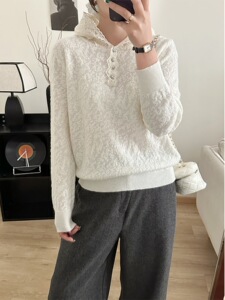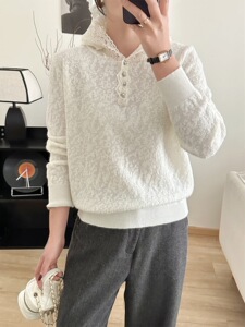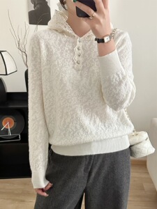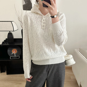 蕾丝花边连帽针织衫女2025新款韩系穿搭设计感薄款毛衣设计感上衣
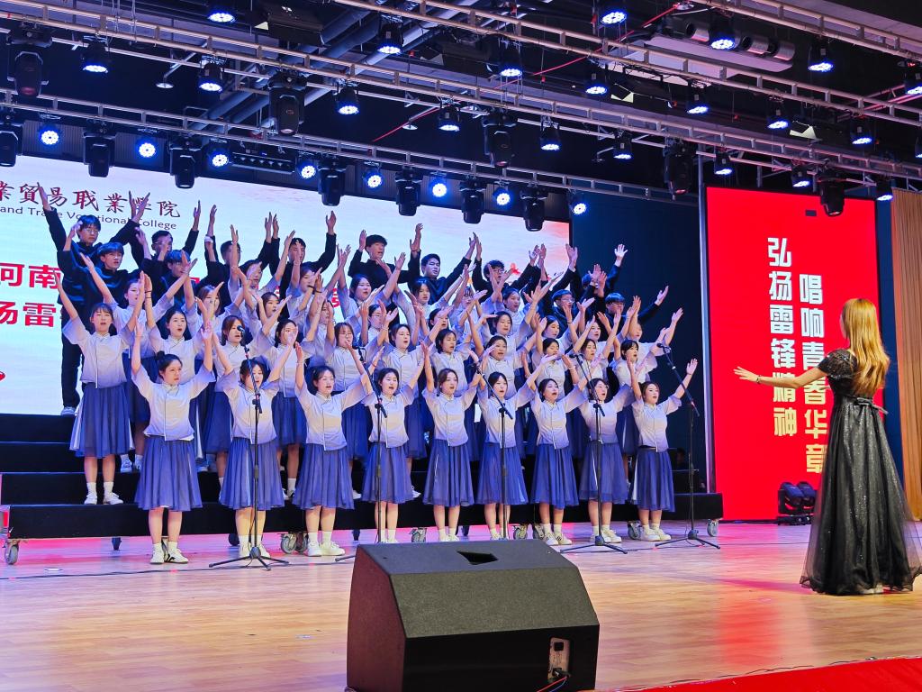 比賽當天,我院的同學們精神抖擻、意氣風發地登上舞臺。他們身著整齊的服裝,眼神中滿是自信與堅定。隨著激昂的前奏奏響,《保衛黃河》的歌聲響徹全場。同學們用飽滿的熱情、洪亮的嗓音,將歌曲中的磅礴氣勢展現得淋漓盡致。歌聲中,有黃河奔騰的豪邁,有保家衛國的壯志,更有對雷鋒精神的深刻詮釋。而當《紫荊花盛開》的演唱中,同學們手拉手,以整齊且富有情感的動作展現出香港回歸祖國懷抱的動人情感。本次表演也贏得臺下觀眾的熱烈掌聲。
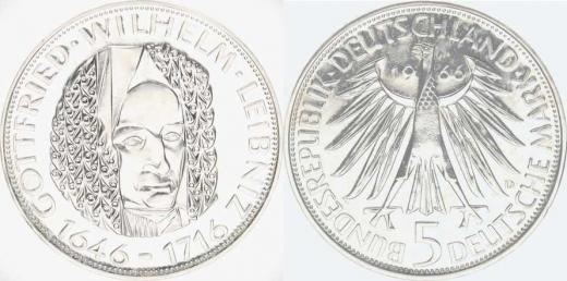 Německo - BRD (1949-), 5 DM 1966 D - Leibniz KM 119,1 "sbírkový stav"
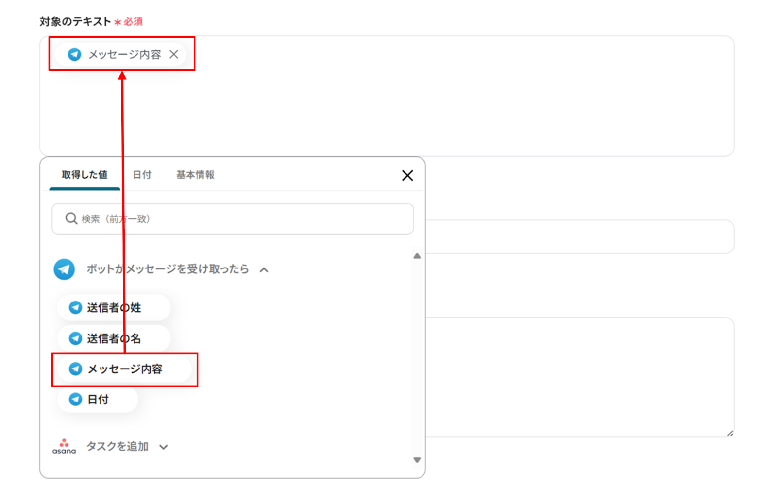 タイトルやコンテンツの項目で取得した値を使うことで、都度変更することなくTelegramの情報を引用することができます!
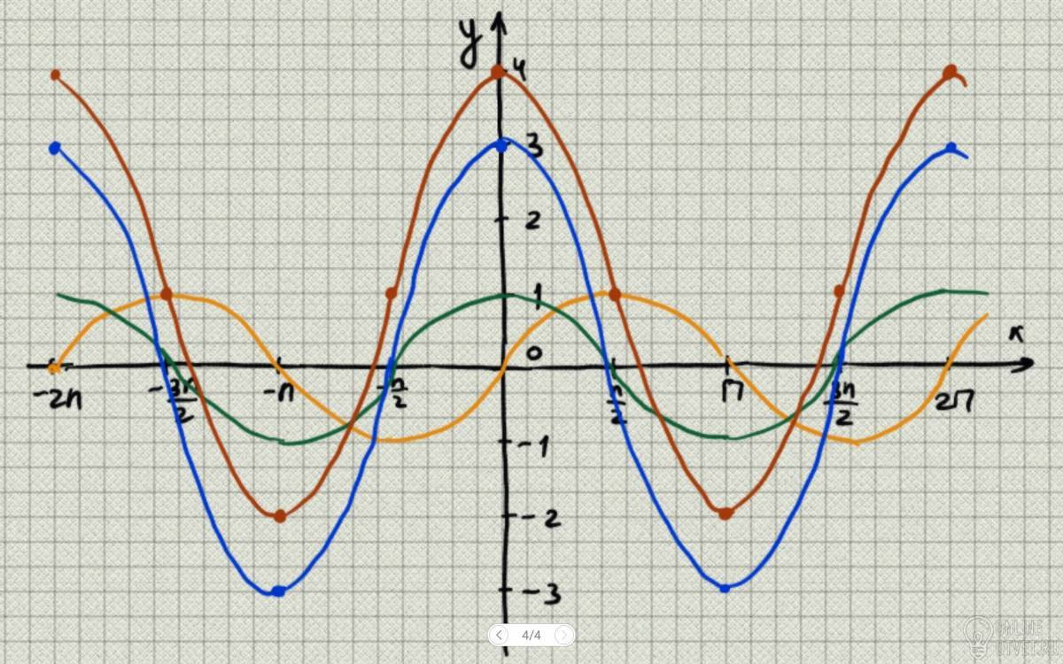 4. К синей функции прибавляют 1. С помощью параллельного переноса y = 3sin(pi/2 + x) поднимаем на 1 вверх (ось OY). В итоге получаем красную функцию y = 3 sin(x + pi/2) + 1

■ About this task: Although the records above contain pictures, your copy should give only their text, exactly as written.

■ Response to this exercise:
 蕾丝花边连帽针织衫女2025新款韩系穿搭设计感薄款毛衣设计感上衣
 比賽當天,我院的同學們精神抖擻、意氣風發地登上舞臺。他們身著整齊的服裝,眼神中滿是自信與堅定。隨著激昂的前奏奏響,《保衛黃河》的歌聲響徹全場。同學們用飽滿的熱情、洪亮的嗓音,將歌曲中的磅礴氣勢展現得淋漓盡致。歌聲中,有黃河奔騰的豪邁,有保家衛國的壯志,更有對雷鋒精神的深刻詮釋。而當《紫荊花盛開》的演唱中,同學們手拉手,以整齊且富有情感的動作展現出香港回歸祖國懷抱的動人情感。本次表演也贏得臺下觀眾的熱烈掌聲。
 Německo - BRD (1949-), 5 DM 1966 D - Leibniz KM 119,1 "sbírkový stav"
 タイトルやコンテンツの項目で取得した値を使うことで、都度変更することなくTelegramの情報を引用することができます!
 4. К синей функции прибавляют 1. С помощью параллельного переноса y = 3sin(pi/2 + x) поднимаем на 1 вверх (ось OY). В итоге получаем красную функцию y = 3 sin(x + pi/2) + 1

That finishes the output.